[Records for this exercise]
[Start of Attachment]
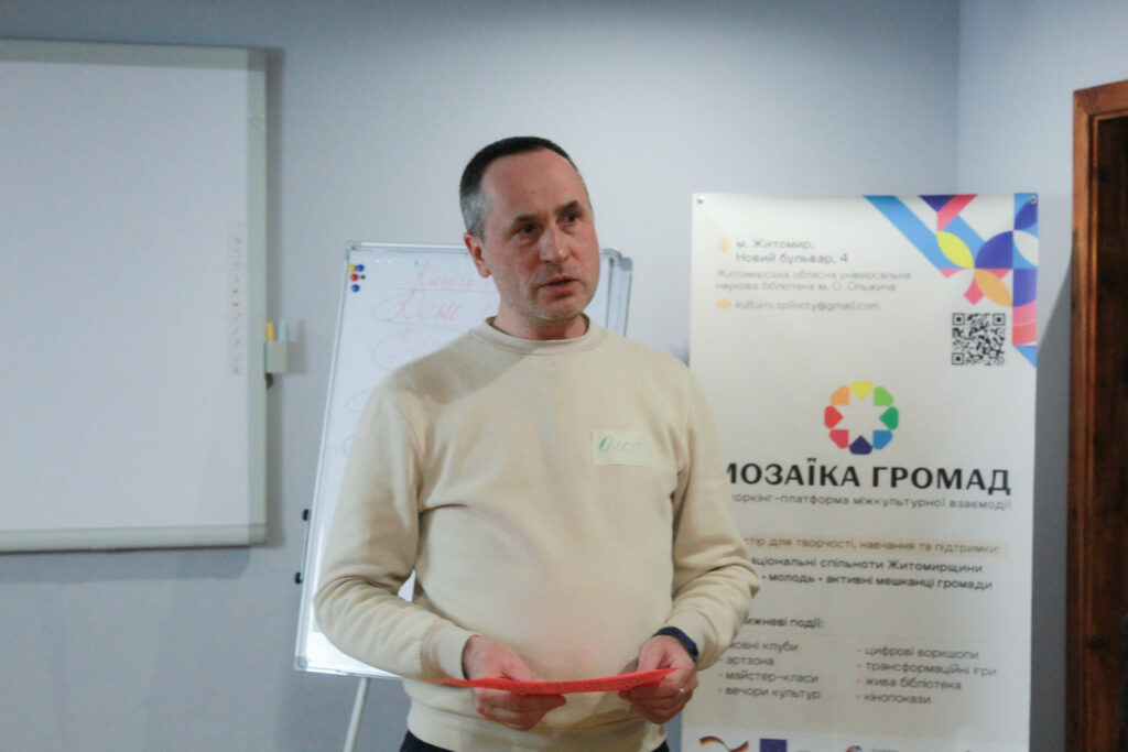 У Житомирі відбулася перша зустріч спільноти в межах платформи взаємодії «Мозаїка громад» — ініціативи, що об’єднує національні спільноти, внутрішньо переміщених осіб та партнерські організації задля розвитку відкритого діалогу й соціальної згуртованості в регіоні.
[End of Attachment]
[Start of Attachment]
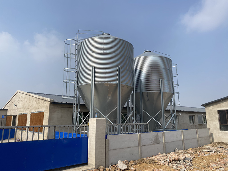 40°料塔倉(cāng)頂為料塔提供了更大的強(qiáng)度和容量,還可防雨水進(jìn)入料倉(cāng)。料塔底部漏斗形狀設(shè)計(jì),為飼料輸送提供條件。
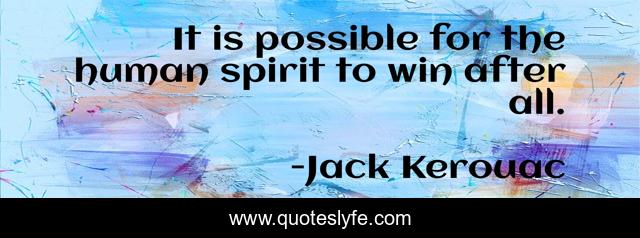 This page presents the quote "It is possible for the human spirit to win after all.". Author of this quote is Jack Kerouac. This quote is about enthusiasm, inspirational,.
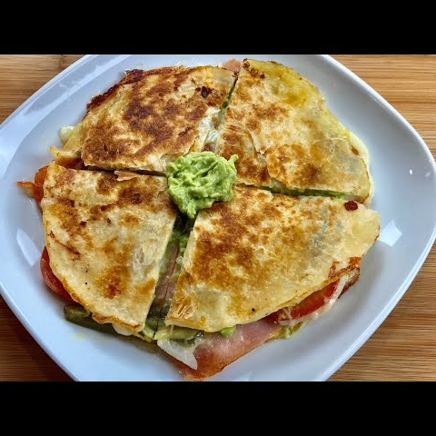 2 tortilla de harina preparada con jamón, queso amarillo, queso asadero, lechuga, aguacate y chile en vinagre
[End of Attachment]
[Exercise details]
Go back to the listing above and write out the lines starting at the one with "40°料塔倉(cāng)頂為" and ending at the one with "2 tortilla de", inclusive, exactly and without pictures.

[Result of this task]
 40°料塔倉(cāng)頂為料塔提供了更大的強(qiáng)度和容量,還可防雨水進(jìn)入料倉(cāng)。料塔底部漏斗形狀設(shè)計(jì),為飼料輸送提供條件。
 This page presents the quote "It is possible for the human spirit to win after all.". Author of this quote is Jack Kerouac. This quote is about enthusiasm, inspirational,.
 2 tortilla de harina preparada con jamón, queso amarillo, queso asadero, lechuga, aguacate y chile en vinagre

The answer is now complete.